▶ **What this task involves**: All that is wanted is the exact text of the lines below from the one with "4670 BOX Kikeyさんのレビュー・評価画像3/3" through the one with "Besonders die ab", inclusive, minus any pictures.

▶ **Data**:
--

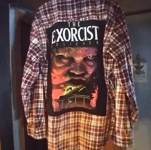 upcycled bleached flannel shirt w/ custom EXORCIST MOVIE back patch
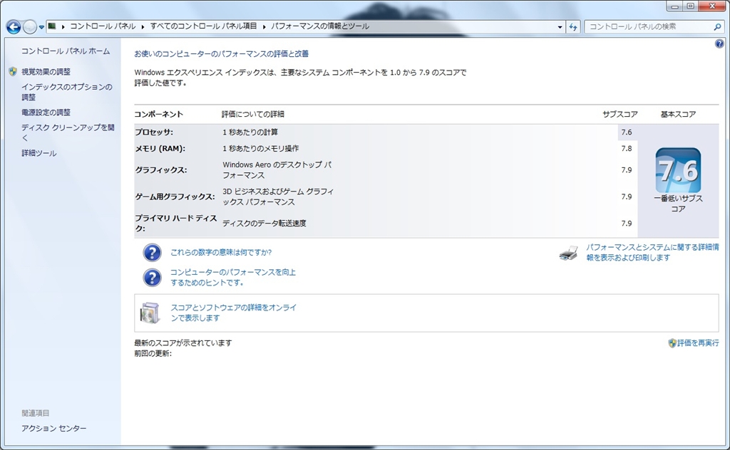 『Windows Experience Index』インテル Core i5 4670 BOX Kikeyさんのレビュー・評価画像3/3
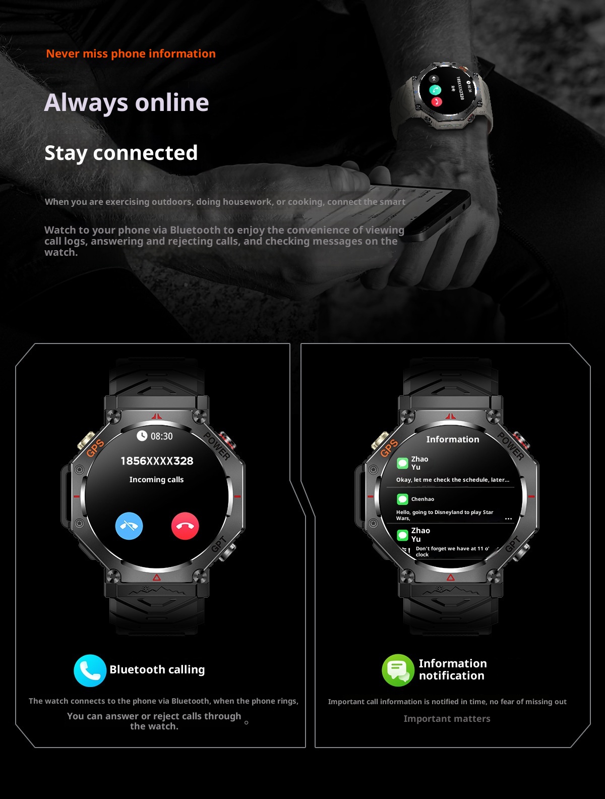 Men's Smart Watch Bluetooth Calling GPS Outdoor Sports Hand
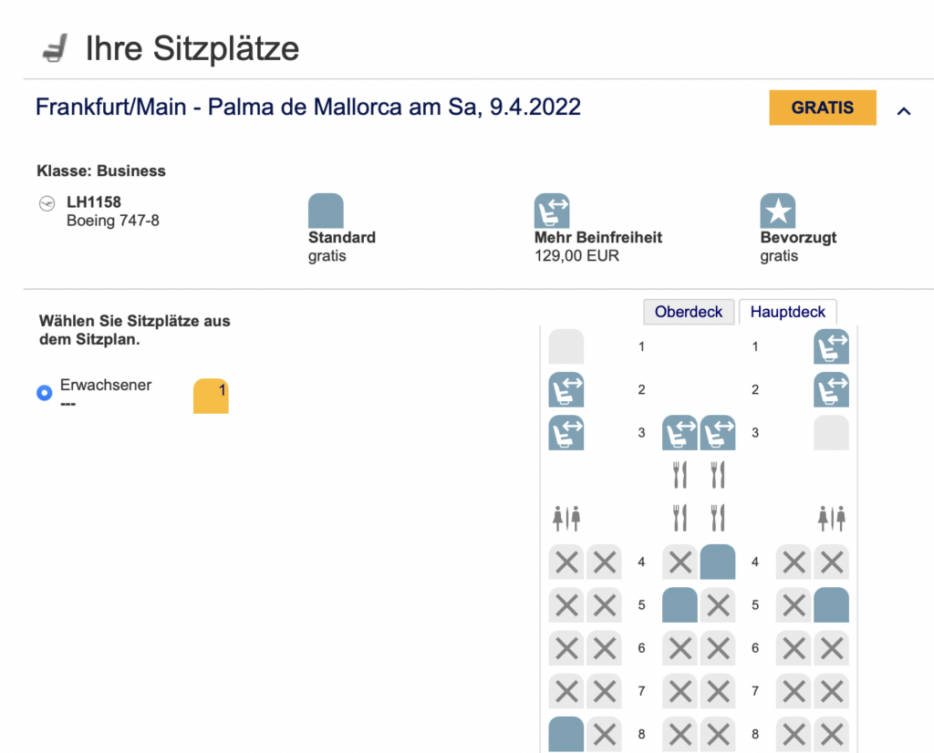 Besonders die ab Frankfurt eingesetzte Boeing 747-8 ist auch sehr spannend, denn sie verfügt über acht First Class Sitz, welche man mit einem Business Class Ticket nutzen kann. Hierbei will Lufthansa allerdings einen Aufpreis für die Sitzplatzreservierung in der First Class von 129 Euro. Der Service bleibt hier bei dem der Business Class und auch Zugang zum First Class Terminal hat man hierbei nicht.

--

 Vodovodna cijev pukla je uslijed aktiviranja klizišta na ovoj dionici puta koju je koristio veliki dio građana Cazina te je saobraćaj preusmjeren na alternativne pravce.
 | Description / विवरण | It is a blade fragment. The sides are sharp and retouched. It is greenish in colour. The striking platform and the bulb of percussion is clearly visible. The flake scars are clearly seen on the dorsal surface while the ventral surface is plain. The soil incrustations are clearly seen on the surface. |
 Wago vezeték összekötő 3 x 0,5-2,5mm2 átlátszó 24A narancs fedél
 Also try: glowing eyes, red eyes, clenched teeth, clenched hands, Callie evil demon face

--

▶ **Exercise answer**:
 『Windows Experience Index』インテル Core i5 4670 BOX Kikeyさんのレビュー・評価画像3/3
 Men's Smart Watch Bluetooth Calling GPS Outdoor Sports Hand
 Besonders die ab Frankfurt eingesetzte Boeing 747-8 ist auch sehr spannend, denn sie verfügt über acht First Class Sitz, welche man mit einem Business Class Ticket nutzen kann. Hierbei will Lufthansa allerdings einen Aufpreis für die Sitzplatzreservierung in der First Class von 129 Euro. Der Service bleibt hier bei dem der Business Class und auch Zugang zum First Class Terminal hat man hierbei nicht.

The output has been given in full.